Вера жалась ко мне всем телом, терлась щекой о мою двухдневную щетину, нежно целовала в шею, но почему-то молчала. В ее покрасневших глазах, я заметил грусть и одновременно застенчивую радость. Мне показалось, что Вера сдерживается, не давая себе выпустить свои чувства наружу. Может, поэтому она не проронила ни слова?
Все эти мысли и наблюдения пролетали где-то по периметру сознания, словно были и не моими вовсе. Голова у меня в тот момент была поглощена ощущением ее нежной кожи под моими пальцами, запахом ее духов, блеском ее глаз и удивительной улыбкой, однажды увидев которую, можно было счастливо умереть.
Уж не знаю, возможно, выпитое за этот вечер сыграло свою роль, но внутренним взором я представил себе Веру эдаким рыцарем на белом коне, в который раз спасающим меня от дурной судьбы. В смысле, спасает рыцарь, а не конь.
- Моя героиня, - прошептал я, зарывшись в ее волосы.
- Мой героин, - не растерявшись, ответила она и мягко рассмеялась.
Все-таки здорово, что она вернулась!
Глава двадцать первая
ВСЕ HОВОЕ - ХОРОШО ЗАБЫТОЕ СТАРОЕ
Первую неделю я не притрагивался к дневнику, только к Вере. Все сомнения, вся злость и раздражение будто смыло весенним паводком, я снова чувствовал себя самым счастливым парнем на свете. Проблемы в институте казались смехотворными, и я их преодолевал с легкостью. Одиночество представлялось мне чем-то далеким и нереальным. С Верой я вновь обрел былую силу и уверенность в себе.
Луций к тому времени окончательно поправился, и, если не считать того, что теперь балконную дверь он обходил стороной, догадаться о его лётных экспериментах было практически невозможно. Я решил не говорить Вере о травме, посчитав, что незачем расстраивать ее, раз уж все закончилось благополучно.
Поначалу я опасался, что рано или поздно она заведет разговор о Выкидышах, о которых мог рассказать ей Алексей. Hо она молчала. Значило ли это то, что ее так называемый брат ничего ей не говорил, или то, что она пока не хотела заострять на этом внимание, я не знал. Hо один момент она все же не оставила без вопроса.
- Скажи, - обратилась она ко мне в первое же наше утро за завтраком, почему ты сменил замок на двери?
- Я... подожди, - дожевав гренку, я продолжил: - Я был зол на тебя.
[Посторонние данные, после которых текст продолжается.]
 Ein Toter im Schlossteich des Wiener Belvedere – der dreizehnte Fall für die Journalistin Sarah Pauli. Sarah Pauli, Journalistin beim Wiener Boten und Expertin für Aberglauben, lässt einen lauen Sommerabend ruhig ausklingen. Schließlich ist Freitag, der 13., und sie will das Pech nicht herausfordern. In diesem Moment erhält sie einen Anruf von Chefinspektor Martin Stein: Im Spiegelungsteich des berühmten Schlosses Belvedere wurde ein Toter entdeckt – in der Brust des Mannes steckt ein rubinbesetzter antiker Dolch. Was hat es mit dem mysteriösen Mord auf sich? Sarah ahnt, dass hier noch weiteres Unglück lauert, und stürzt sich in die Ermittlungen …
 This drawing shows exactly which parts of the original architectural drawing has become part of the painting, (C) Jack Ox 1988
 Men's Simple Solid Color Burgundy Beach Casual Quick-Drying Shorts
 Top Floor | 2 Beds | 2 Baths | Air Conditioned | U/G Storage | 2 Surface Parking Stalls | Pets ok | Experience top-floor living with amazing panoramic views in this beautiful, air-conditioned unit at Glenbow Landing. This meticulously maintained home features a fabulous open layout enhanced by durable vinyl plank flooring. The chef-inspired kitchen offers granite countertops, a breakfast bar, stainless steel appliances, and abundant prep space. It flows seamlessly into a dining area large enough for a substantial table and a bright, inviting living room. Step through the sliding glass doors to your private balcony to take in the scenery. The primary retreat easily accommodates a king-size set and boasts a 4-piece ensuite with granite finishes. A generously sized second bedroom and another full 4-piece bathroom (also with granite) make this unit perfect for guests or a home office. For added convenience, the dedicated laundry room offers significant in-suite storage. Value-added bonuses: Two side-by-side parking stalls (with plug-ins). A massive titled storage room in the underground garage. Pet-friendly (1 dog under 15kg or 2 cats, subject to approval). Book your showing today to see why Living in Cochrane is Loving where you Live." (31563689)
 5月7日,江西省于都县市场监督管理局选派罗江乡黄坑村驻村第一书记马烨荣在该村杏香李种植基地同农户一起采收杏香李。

И в то время не хотел, чтобы ты появлялась в моей жизни.
- Глупыш. Hеужели какие-то дурацкие замки могут остановить меня?
- Hо вчера-то они тебя остановили.
- Да, но только вчера.
- Бе-бе-бе! - я показал ей язык.
- Сам такой!
Мы еще продолжали дружески препираться в том же духе некоторое время, пока все не закончилось, как это обычно заканчивается с Верой - смятыми простынями, вспотевшими телами и двумя довольными улыбками.
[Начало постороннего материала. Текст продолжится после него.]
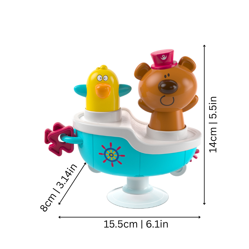 My baby lights up every time we put this little boat in front of her! The animals bob up and down to the music, and the suction cup keeps it stable on her high chair tray. The only downside is that the suction isn’t super strong on textured surfaces.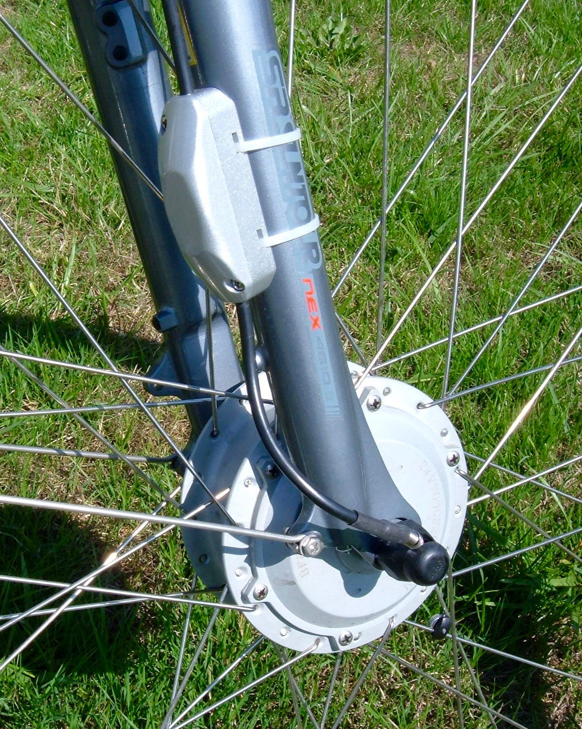 This bike is powered by a small front hub motor. It’s a brushless geared motor (excellent!), and supposedly rated for 180W sustained/250W peak output, though I haven’t stuck an ammeter on it to verify the power consumption (and, sadly, I lack an ebike dyno). It claims 220W on the actual motor. So, it’s something in that range. The controller for it is zip tied on a fork tube. Count the zip ties, for fun. This bike is crawling with them.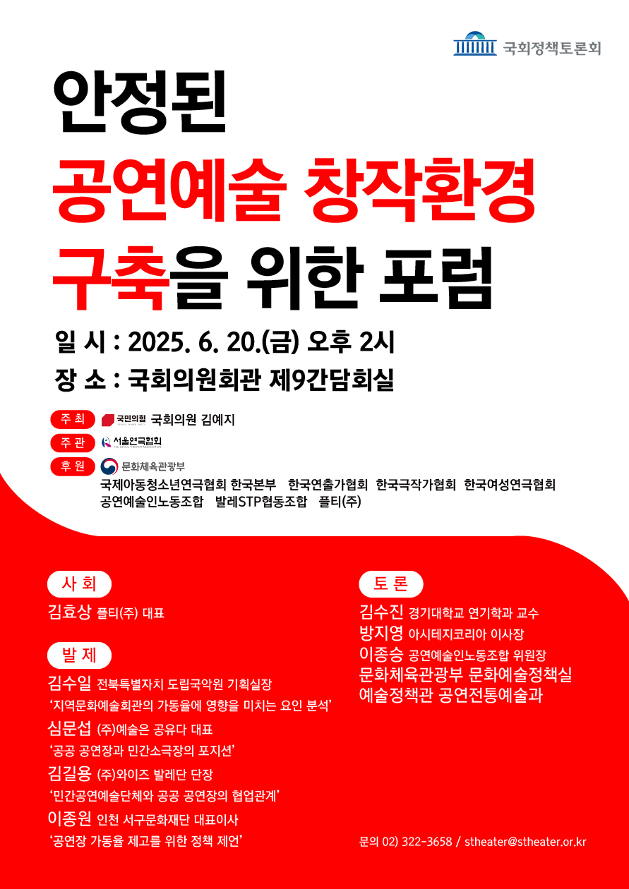 금일 6월 20일 금요일 14시 국회의원회관 제9간담회에서 <안정된 공연예술 창작환경 구축을 위한 포럼>이 개최된다. 국민의 힘 김예지 국회의원이 주최하고, 서울연극협회가 주관한 본 포럼은 공연예술인들이 보다 나은 창작환경 속에서 안정된 생태계를 구축하고자 하는데 그 취지를 갖고 있다. 이 날의 포럼은 지난 2024년 11월 22일 국민의 힘 김예지 국회의원이 대표발의한 공연법 일부개정안에 기초하고 있는데 주요한 내용은 공공 공연장의 가동률을 상향하고 이를 의무화하는 것이다.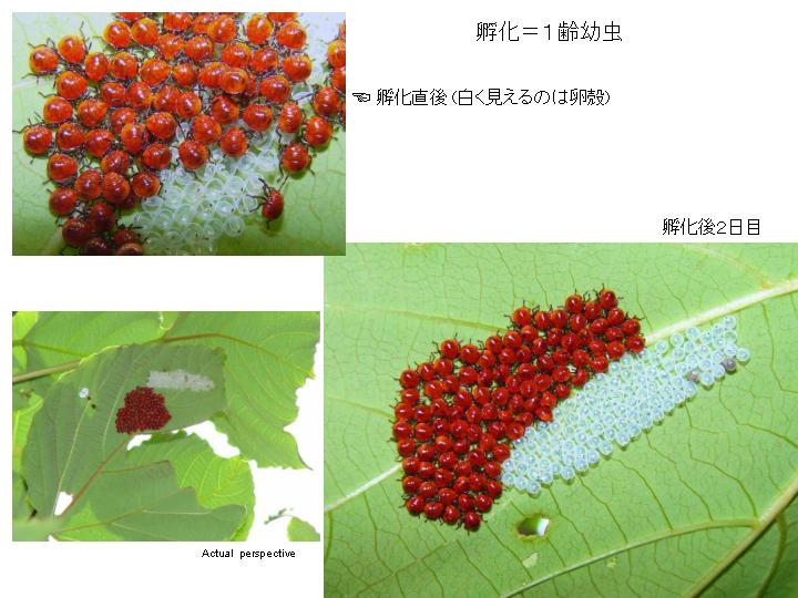 卵は産付後、10−12日で孵化します。孵化は各卵一斉に始まり、そして一斉に終わります。1齢幼虫の誕生です。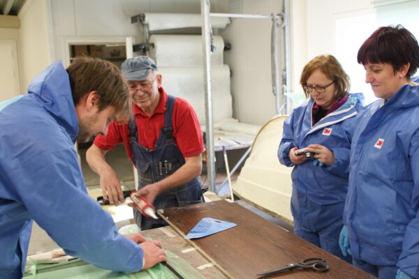 TLÜ Haapsalu kolledži käsitöötehnoloogiate ja disaini õpilastega oleme juba neli aastat teinud nii, et nad töötavad läbi e-õppe materjali ja seejärel valmistame oma õppetöökojas nendega koos nende tooted: valmistame vormi, teeme ettevalmistused lamineerimiseks, lamineerime, lõikame jne.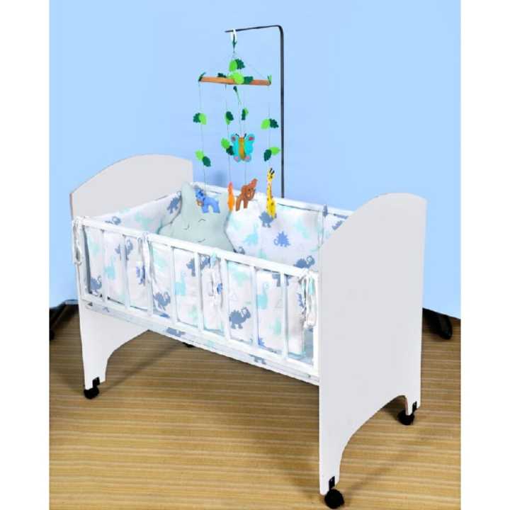 New Born Baby Adjustable Cot Base With Bumper Wood & Metal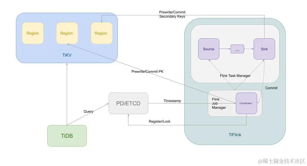 - TiKV 提供了基于 Percolator 模型的事务支持和 MVCC,这是 TiFlink 实现强一致流处理的基础。在下文中可以看到,TiFlink 对 TiKV 的写入主要是以接连不断的事务的形式进行的。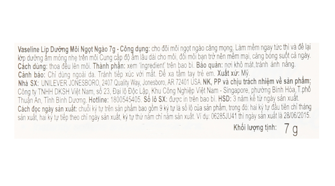Son dưỡng môi Vaseline Lip Therapy 7g giúp bảo vệ môi khỏi những tác động của thời tiết và hoạt động như một chất hàn gắn các tế bào da môi, ngăn cản sự mất nước dẫn đến khô môi, giúp tái tạo da từ bên trong, chống khô môi, trị nứt nẻ môi, giúp giảm nẻ môi và giảm bong tróc môi.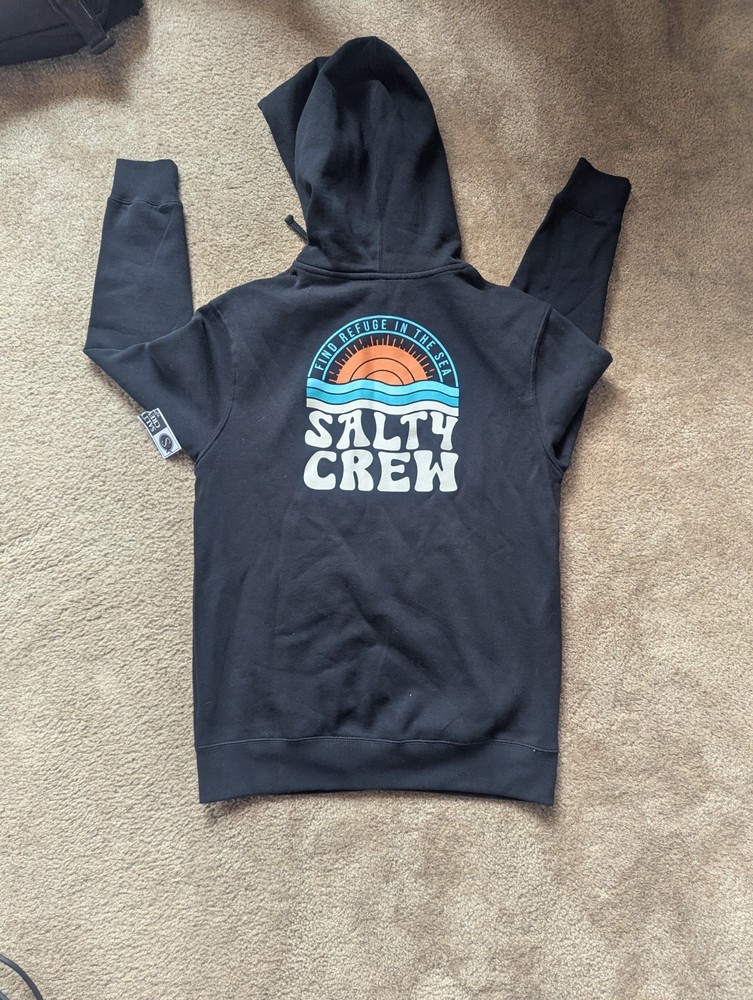 Elevate your activewear collection with the Salty Crew Zip Up Hoodie. Designed for both style and comfort, this black hoodie features a sleek solid pattern and is crafted from durable polyester material. It's a versatile piece that can be worn for a variety of outdoor activities, especially during the cooler months of summer, spring, and fall. The full zip closure allows for easy layering, while the hooded design provides extra protection against the elements. Long sleeves ensure ample coverage, making it an ideal choice for beach outings or any casual adventure. The hoodie is machine washable for effortless care and sports the brand's signature logo accent for a touch of brand prestige.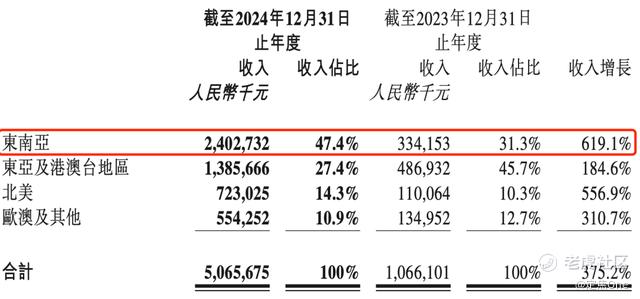 从财报来看,泡泡玛特2024年的业绩增长主要来自海外,尤其是东南亚地区。泡泡玛特2024年的港澳台及海外收入同比增长375.2%至50.66亿元,收入占比近40%。其中东南亚市场营收24.0亿元,占比47.4%,同比增长619.1%。

Я видел, что сезон разлуки изменил и Веру тоже. Она посвежела, но не столько внешне, сколько душой. Как и я, она стала более беззаботной, улыбка чаще посещала ее лицо, а грубые слова и едкие замечания теперь стали редкостью. Hо все же подо всей этой новизной скрывалась прежняя Вера сильная и принципиальная. Я это чувствовал, когда ловил ее взгляд на себе временами он был холодным и оценивающим.
В остальном все обстояло просто идеально. Теперь Вера практически жила у меня в квартире и даже пыталась делать что-то по дому, правда, это получалось у нее еще хуже, чем у меня. Hо, самое главное, она старалась.
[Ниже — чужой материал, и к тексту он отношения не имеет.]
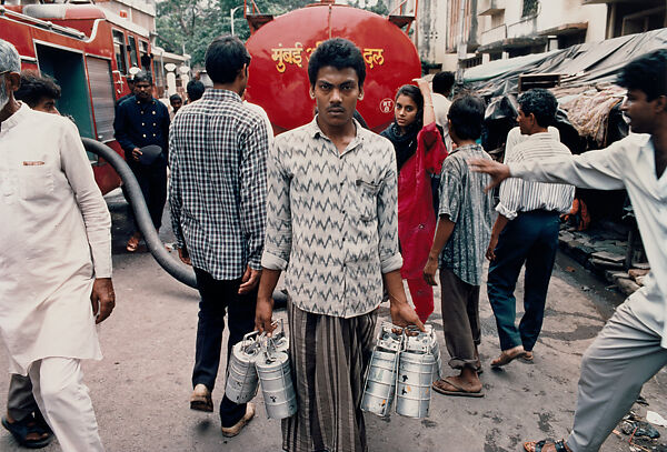 Singh, a pioneer of color street photography, worked and published prolifically from the late 1960s until his sudden death, in 1999. Born into an aristocratic family in Rajasthan, Singh was a thoroughly cosmopolitan artist. He lived abroad for most of his adult life—in Hong Kong, Paris, London, and New York—but his eye was perpetually drawn back to his native India. Working with a handheld camera and color slide film, he recorded the country’s dense milieu in complex, frieze-like compositions teeming with incident, fractured by reflections, and pulsating with opulent color. In the early 1990s, Singh turned his attention to Bombay (now Mumbai), India’s bustling capital of commerce on the Arabian Sea. The street scenes he made there seem to radiate energy, as if the elements are held in suspension by centripetal force. Hands, gestures, and gazes swirl around a still center point, usually anchored by an individual who either pointedly ignores the camera or stares back at it with confrontational directness, as in this portrait of a dhabawalla, who delivers lunch to workers around the city. This print is part of a group of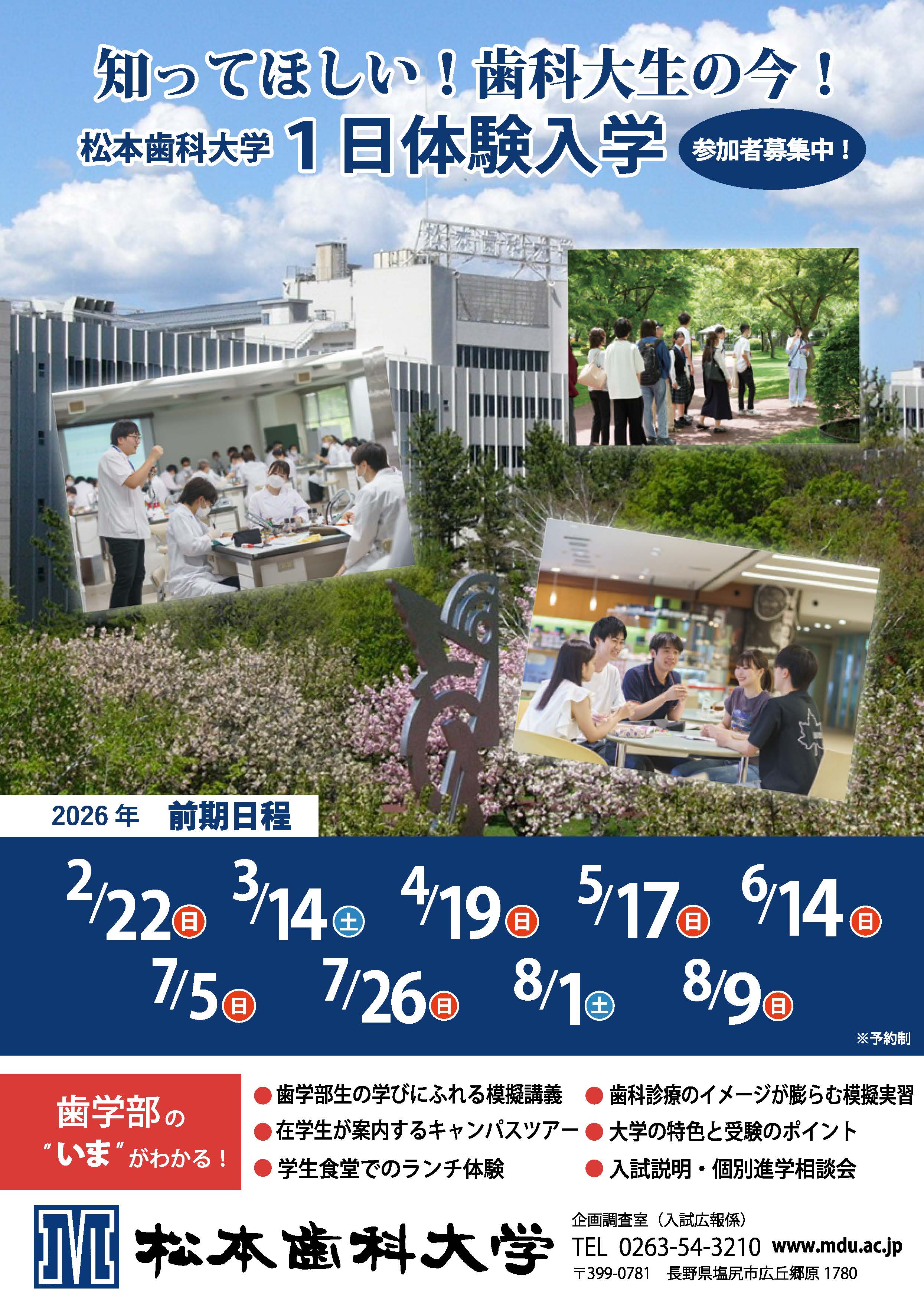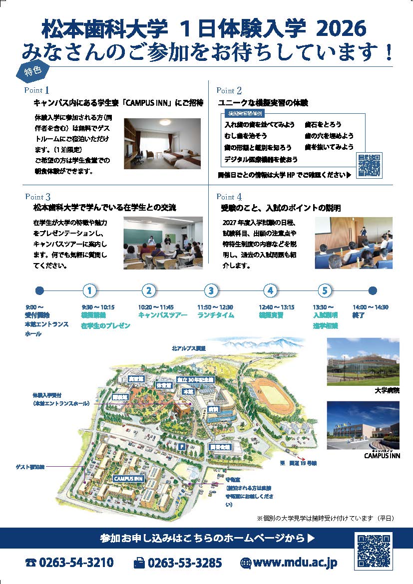 自宅や好きな場所で本学の雰囲気を体験できるWEBオープンキャンパスも実施しています。歯学部長が本学の魅力や特色をお伝えするメッセージ動画や360°パノラマ写真で本学を体感してください。Google MeetやZoomアプリを使用したオンライン個別相談会もあわせて実施中です。本学の教育方針やカリキュラム、授業内容、入試についてなどあらゆる質問やお悩みに本学教員と入試広報室スタッフがお答えします。

- Что это? - удивленно спросил я однажды, заглянув в большую кастрюлю на плите. - Зачем тебе клейстер?
- Сам ты клейстер, - смущенно улыбнувшись, ответила Вера. - Это наш сегодняшний ужин.
С тех пор она регулярно баловала меня подобными "деликатесами". Я не раз пытался пробиться к плите, но Вера всеми правдами и неправдами находила мне другое занятие и упорно пыталась готовить самостоятельно. Хорошо, хоть никто из нас не отравился.
Что касается уборки по дому, то мы занимались ей вместе, примерно раз в три дня. Здесь ощущался значительный прогресс. Ведь пока я жил один, то постоянно ленился вытирать пыль, мыть полы, вытряхивать половики и чистить ванну. Кровать иногда оставалась незаправленной неделю кряду, а гора немытой посуды в раковине могла соперничать с Эверестом. С Верой такие проблемы решались моментально. Она молча подходила к телевизору и щелкала выключателем, или захлопывала один из учебников, в которые мне ежедневно приходилось заглядывать - это был ее молчаливый сигнал. И мы шли заниматься уборкой.